Paper Review—KinectFusion: Real-Time Dense Surface Mapping and Tracking
October 18, 2020Main Contribution
The research problem in this paper is 3D surface reconstruction and interaction. Inspired by the wide availability of the low-cost dense cameras, the authors aim to use only the data collected from a Kinect sensor to perform a global 3D dense reconstructions of the scene as they move through space.
This research setup is meaningful because real-time tracking with infrastructure-free handheld device mimics scenarios in augmented reality (AR) applications, including 3D scanning and gaming. The main contributions include the proposal of KinectFusion, as the first system supporting the real-time 3D surface reconstruction of complex scenes using a depth sensor, and the tracking is always relative to the fully updated fused dense model.
Method
The overall system proposed has several components, including surface measurement, pose estimation, update reconstruction, and surface prediction. In surface measurement, the live depth data is roughly converted to 3D points (referred to as point clouds in the paper) and normals in the camera space. Secondly, the authors use ICP alignment with every 3D points to align overlapping 3D point clouds. An important assumption here is that the points clouds between frames are roughly aligned due to small motion from one frame to the next. To calculate the offset transformation, an energy function is defined to minimize the global point-plane movement. This process is iterative until the points are aligned for each frame.

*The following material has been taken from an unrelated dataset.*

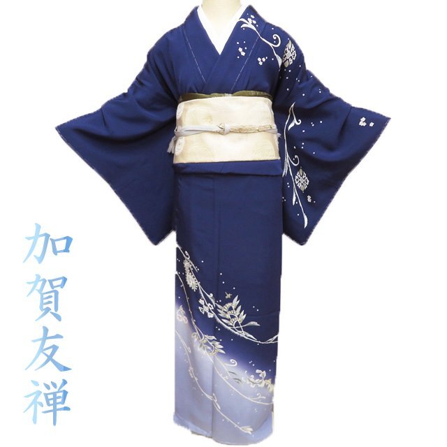 > 特選 訪問着 着物 中古 正絹 袷 フォーマル 加賀友禅 松島由美 落款 花の図 紺色 多色 身丈155.5cm 裄65cm SA きもの北條 A1277-9

Later, in surface reconstruction update, the surface is modelled implicitly by a truncated signed distance function (TSDF) representation. This prepares the continuous estimates as discretized values to be feed into the voxel grid. In this component, one implicit design tradeoff is the choice of using the voxel model as the representation. Compared to a polygon mesh, voxel representation is efficient but it restricts the fixed geometry shape and limits model deformations.
Lastly, the surface prediction is produced by raycasting the grid to extract the position of the implicit surface by following zero crossings (a change of sign in the TSDF values). Putting things together, this real-time reconstruction system utilizes highly parallel GPU implementation to make sure its real-time speed.
What do I think?
I am intrigued by the application of this paper and by the idea of bringing the physical to the digital world. In the section about experiments, I think the authors did a good job in locating ways to optimize the frame-to-frame results from the baseline model, such as using partial/full loops to combat the accumulating errors between frames, increasing viewpoints, and identifying keyframes. While evaluating a surface reconstruction method, it’s important to consider properties such as scale and speed in addition to quality. I found the regular grid could be a bottleneck for the scalability of this model. The authors mentioned each frame from the depth sensor is a surface measurement on a regular grid, which I understand as a fixed resolution model.
It’s intuitive to see how a regular grid could make computation easy to manage, but the massive information collected needs to be fit into this fixed grid to be stored in the GPU memory.
Future Work
I think this leads to the limiting capability of this model that it only works properly indoors. If this were to be expanded to work outdoors, they might want to incorporate more data streams or multiple videos of the scene to calculate the depth as pre-processing information. From the memory space availability perspective, they could use hierarchical techniques such as octrees. The hierarchical layout could stay shallow to balance the tradeoff between time and space while keeping the computation relatively simple.